Bitnami saved my life but does it have prospects for enterprise?

Hello world. This is a quick 10 minute braindump on Bitnami.

For anyone who hasn’t heard of Bitnami, it’s a neat resource for people that don’t want to hassle of configuring and deploying web applications or don’t know how. You set up an a WordPress installation that’s fully featured and reasonably secure and reliable in minutes, and you can do it on your own terms – no awful hosted WordPress services that make setup easy but prevent any meaningful customisation.

And it got the attention of hyperscale cloud providers. You can spin up Bitnami WordPress natively within Amazon Lightsail (the AWS for dummies alternative to EC2) with a couple of clicks, map your domain to it and you’ve got a blog on your domain, on a server you own, with software that’s open source and fully customisable. The reason is that Bitnami’s expert team package up all the bits of the stack you need – the operating system, web server, database, software and throw in some nice pre-made setup configurations and tools that make tricky tasks like dns and installing an SSL certificate easy for a relative novice with a command line. And excellent documentation.

Cloud is a great use case, but Bitnami also provides ready-made images that you can test out as a virtual machine on your workstation using VirtualBox or VMware (yes, more on that later).

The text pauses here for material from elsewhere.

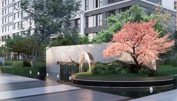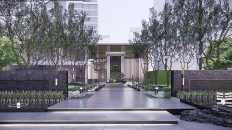 从街角公园,穿过线性的外场景观来到南侧天幕流光的人行入口;前期作为展示区的形象大门,后期大区永久保留不做拆改,也是作为小区后期主要人行归家入口。踏桥归家,端头利用迎客松与水幕景墙结合,为归家带来了仪式感与生活质感。

What it doesn’t do is provide is any sort of ongoing maintenance. If you want to update your stack, you spin up a new instance and transfer your application data over. In the age of virtualisation and cloud, this isn’t such a bad discipline : I find I have a more robust server and much less maintenance to do if I simply kill off an old server and port my data across. But that’s a simple WordPress (or equally simple PHP site), with less than half a Gigabyte of data.

If you want to be able to backup and manage applications ie. at the application level, then can you move to Bitnami Cloud. This is Bitnami’s proprietary value-add, providing a console for application management at the VM / stack level. You can deploy ready-configured applications directly to major cloud providers from Bitnami, migrate and backup instances and more without lock-in, or at least to a big nasty cloud provider.

OK, so here’s where we get enterprise-y. If you’re a business of any size it’s attractive to manage popular applications hosted on multiple cloud infrastructures from a single console. It’s easier for IT / web devs, makes deployment faster (especially for test and development) and there are data protection features and templates to make that easier. It’s multi-cloud, yes, but it doesn’t mean you can seamless drag and drop workloads from Google Cloud Platform to AWS if they offer you better rates.

Bitnami has come on alot since I first discovered it, but careful injection of capital and IP from – let’s say – a virtualisation pioneer would help that vendor build a uniquely interoperable multi-cloud ecosystem for virtualised workloads, and help Bitnami manifest its vision and become much more than it has been able to so far from it’s open source web app roots. Of course, containerisation is the elephant in the room here – why bother with virtualisation servers when you can deploy a portable Docker image and even Kubernetes orchestration given it’s growing popularity to achieve multi-cloud flexibility?

Where would the eponymous VM|ware like to stick Bitnami’s Docker vision, I wonder?